Jérôme Conscience travaille les mots comme si c’étaient des choses. Liberté et créativité de l’artiste, Les Mots et les Choses, formule innovatrice de la philosophie contemporaine portée par Foucault, devient à travers le travail de Jérôme Conscience Les Mots comme des Choses. Il y a dans cette nouvelle formule, d’artiste certes, et non pas de philosophe, une liberté détachée des contraintes du savoir et ramenée à donner ce que donne tout artiste, une échappée.
La langue est l’objet de Jérôme Conscience; son art lui permet à la fois d’en jouer, de la malmener et de la sublimer. La rigueur de sa calligraphie renvoie au rapport premier et fondateur du traçage des mots jusqu’à ce qu’ils deviennent ce qu’ils doivent être. Dans ce devoir être il y a ce qui nous emporte nous, l’autre, l’extérieur au rang de lecteur. On lit des mots, des formules comme si c’étaient des choses. L’art de Jérôme Conscience nous ramène au langage et comme une ironie nous renvoie la question de ce que nous faisons du langage. Le ramener à l’être chose, opération de l’artiste, est une réplique de ce que nous en faisons. Mais là où nous le perdons, l’artiste nous montre qu’il faut le sauver. L’opération devient comme évidente quand il s’attaque au latin. Les utopies ont toujours voulu penser une langue unique qui contiendrait toutes celles que les hommes ont façonnées. Et là où on nous sert plus que le globish, une pauvre parodie de l’anglais, Jérôme Conscience nous rappelle qu’il y a déjà eu une Europe et que cette Europe parlait la diversité et la singularité, mais qu’elle parlait aussi d’une seule voix et que cette voix était le latin.

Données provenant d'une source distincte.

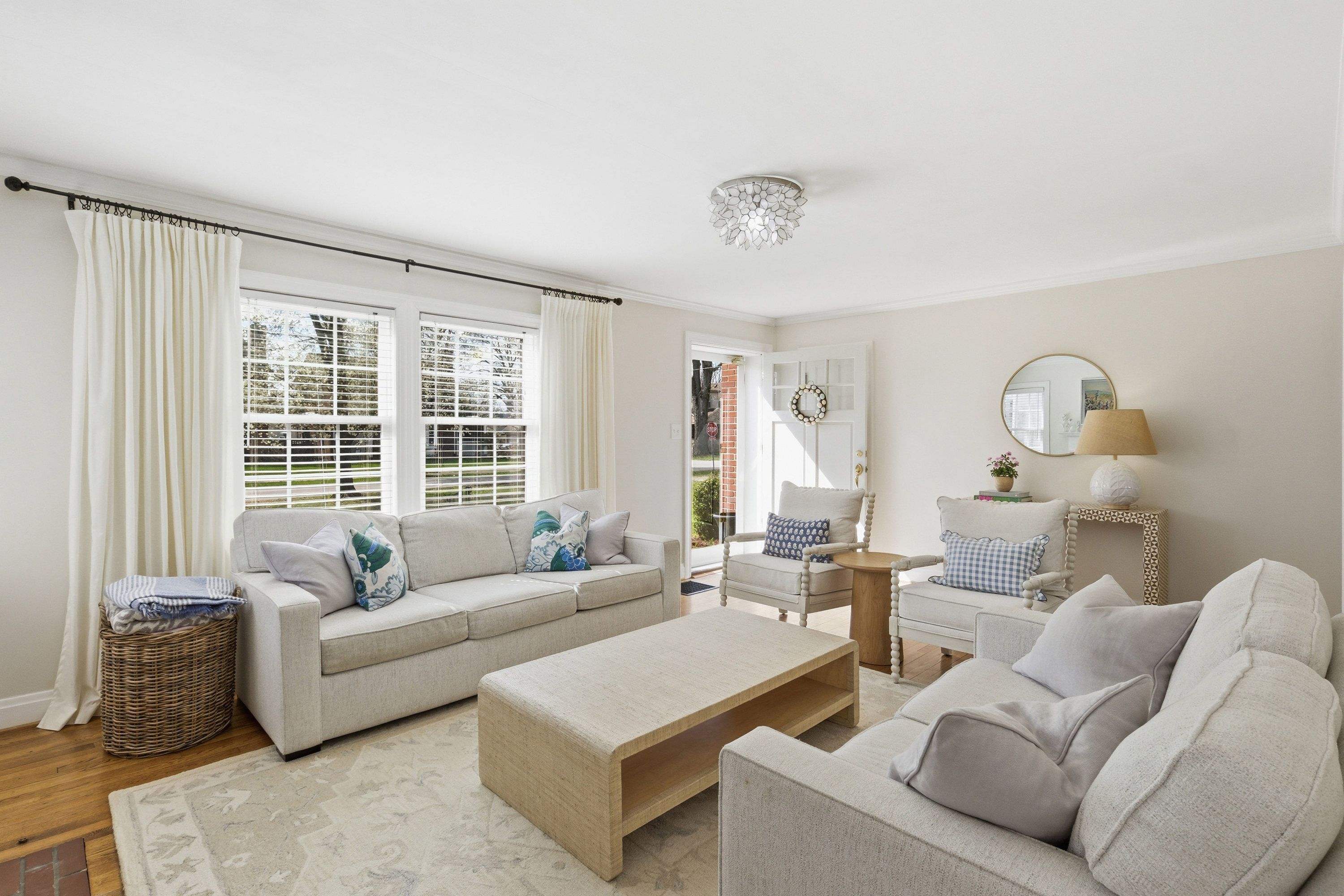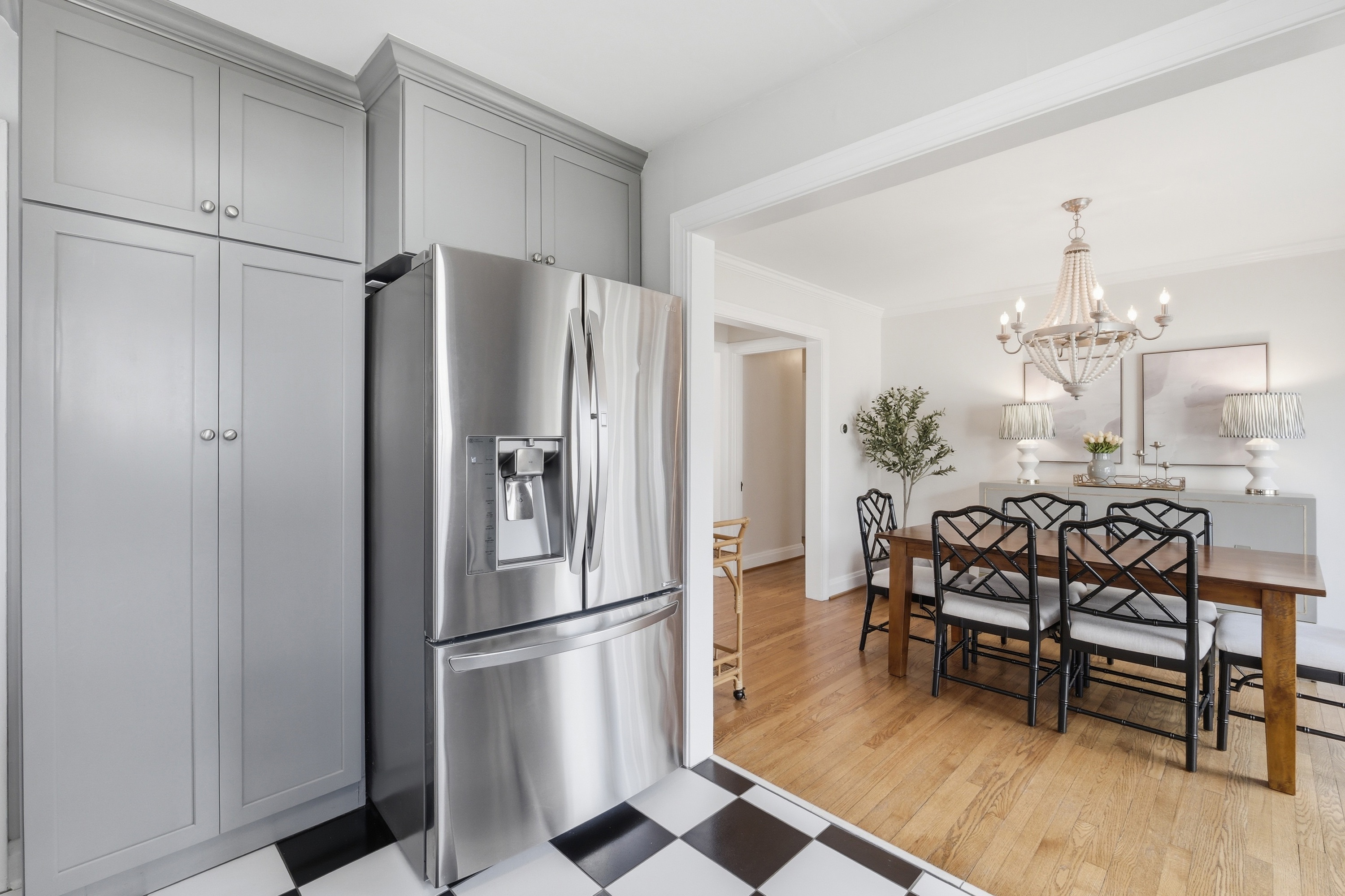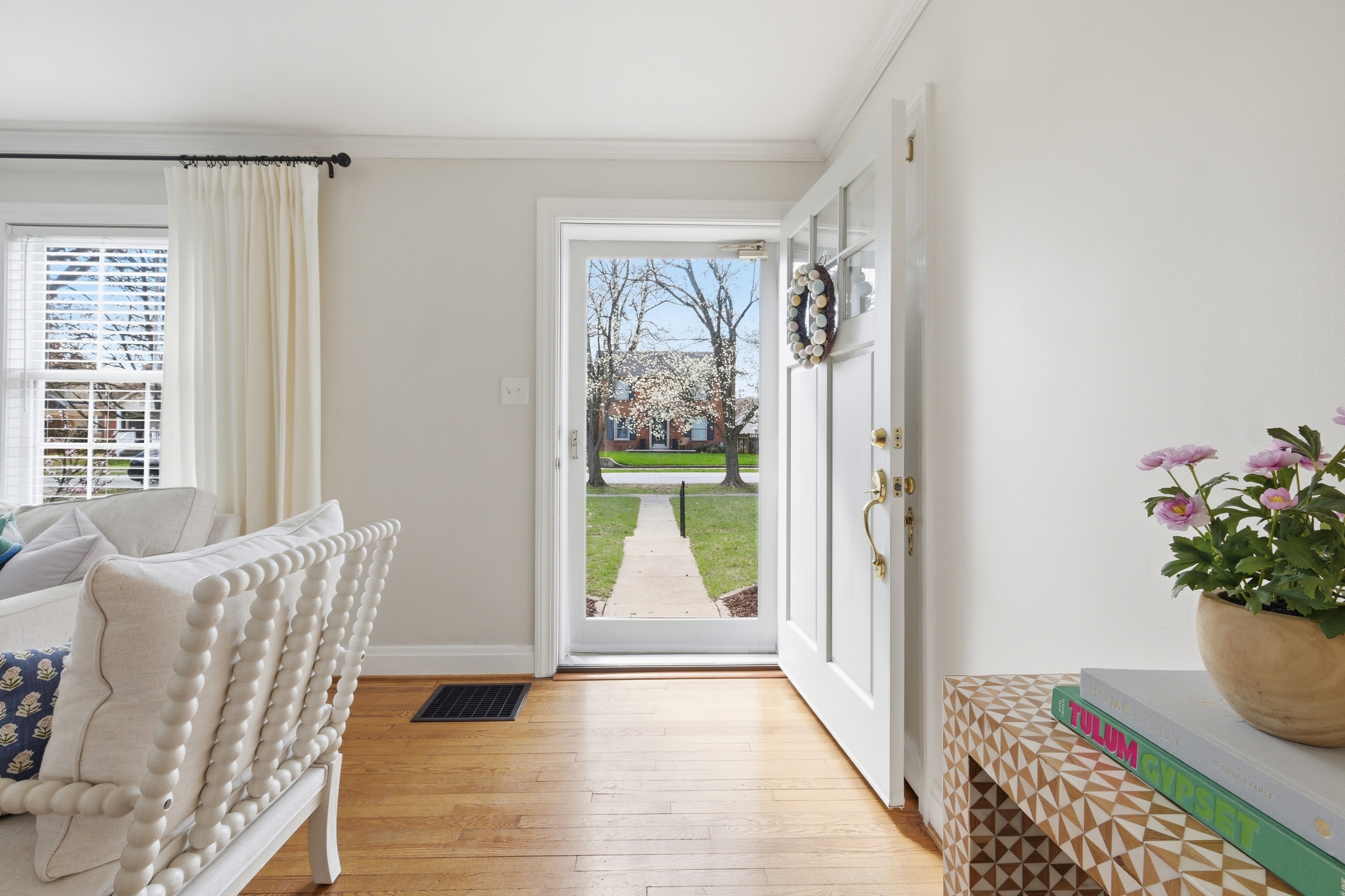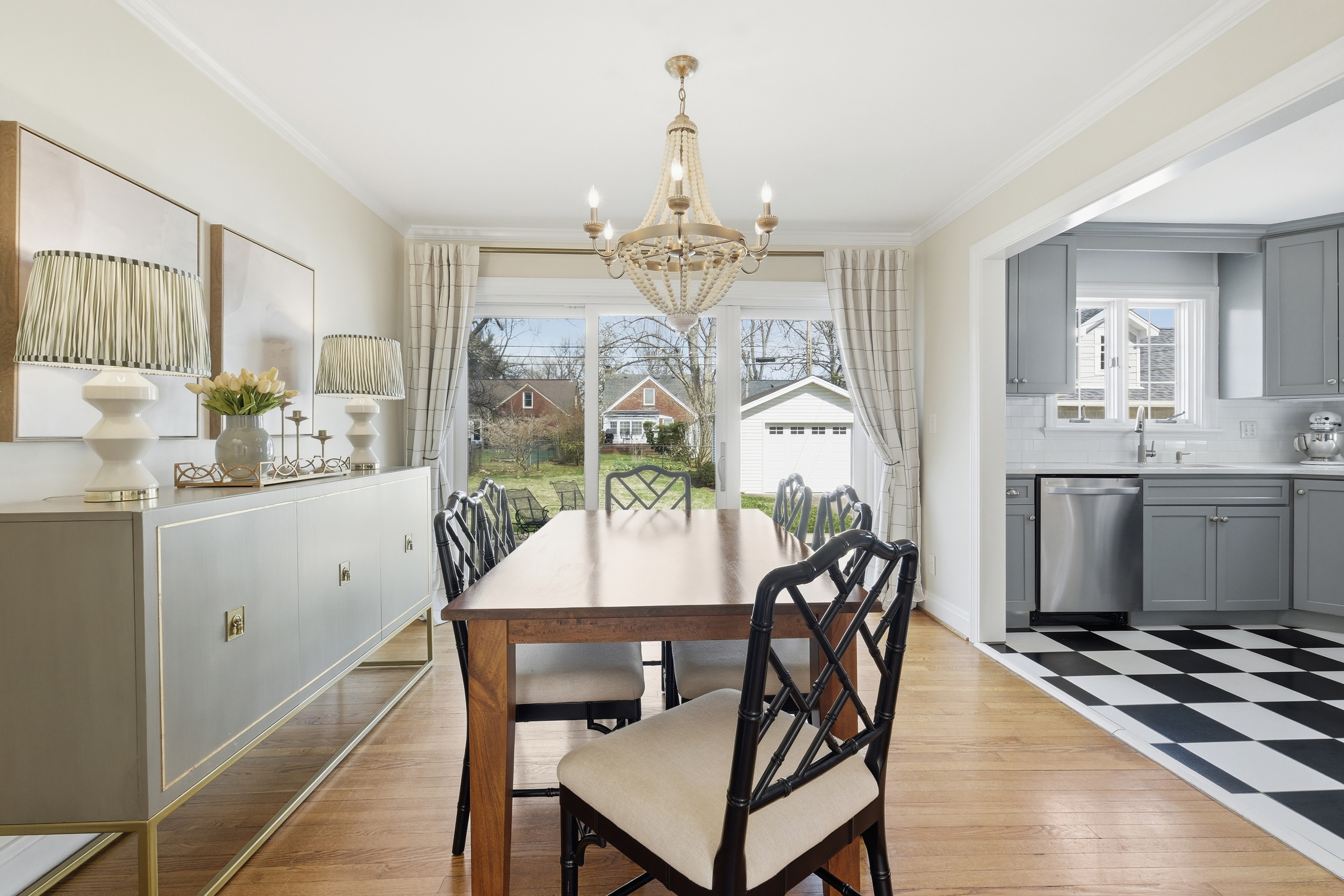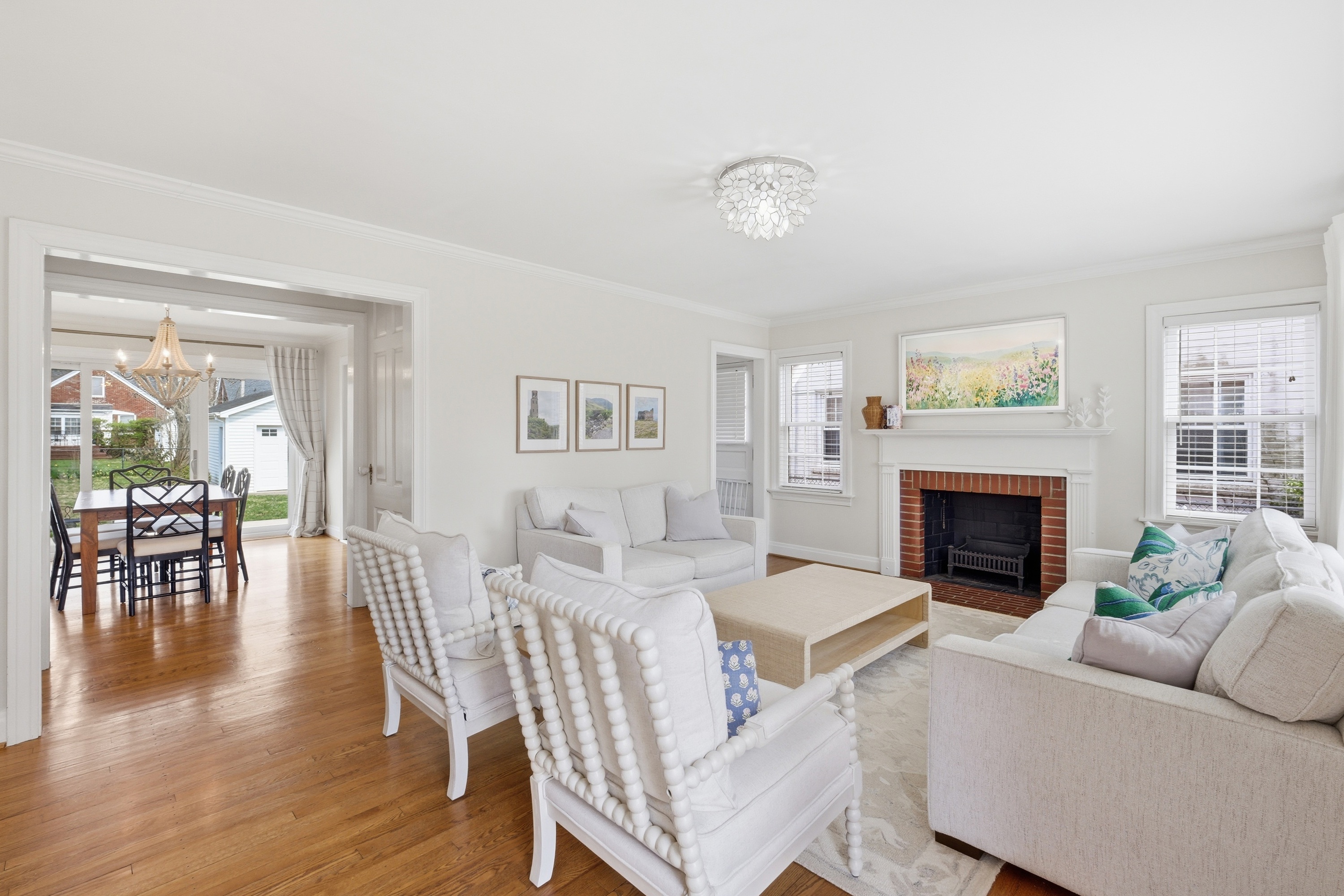 Move right in to this beautifully updated St. Matthews home, perfectly situated on a level, tree-lined lot just steps from restaurants, boutique shops, and parks. Inside, light-filled rooms and gleaming hardwood floors create a warm, inviting atmosphere. The living room with fireplace flows seamlessly into the dining room and a thoughtfully updated kitchen featuring custom cabinetry, black-and-white checkered floors, and quartz countertops. Two first-floor bedrooms and a renovated full bath complete the main level. Upstairs, the primary suite impresses with 9-foot ceilings, a large walk-in closet, and remodeled bathroom with dual sinks and a spacious shower - a rare find in St. Matthews. The finished basement adds approximately 550 sq. ft. of versatile living space, including a great room with built-in entertainment center, laundry, and ample storage. Outside, the patio overlooks a generous fenced backyard, ideal for relaxing or entertaining. A move-in-ready home in a sought-after location - one not to miss!

Alors les formules latines que tout utilisateur de dictionnaire, ce lieu de confrontation au mot, reconnaîtra comme si c’était un clin d’œil qui lui était adressé, le renvoient à son socle. Saisie entre le professeur et le prêtre, ses anciens supports, la langue latine désormais libre de ces amarres-là, s’offrirait comme un véhicule propre à amener, dans un monde qui a perdu science et conscience, savoir et sens, ces éléments perdus de la vie des hommes.
Imaginer dans ces supports à slogans publicitaires devant réveiller la conduite consommatrice, des formules de repos et de questionnement aptes à réveiller le manque du sens, c’est cela le jeu de l’artiste et c’est là que réside sa puissance expérimentale. Le latin dans la rue pour rappeler une vérité enfouie qui dit que le savoir n’est plus là où il se donne à voir. Le latin dans la rue pour nous rappeler que nous ne savons plus lire ce qui nous porte.
Le latin dans la rue pour nous faire entrevoir que la langue est mortelle. Le latin dans la rue pour nous faire entrevoir que nous ne faisons qu’aller là d’où nous venons.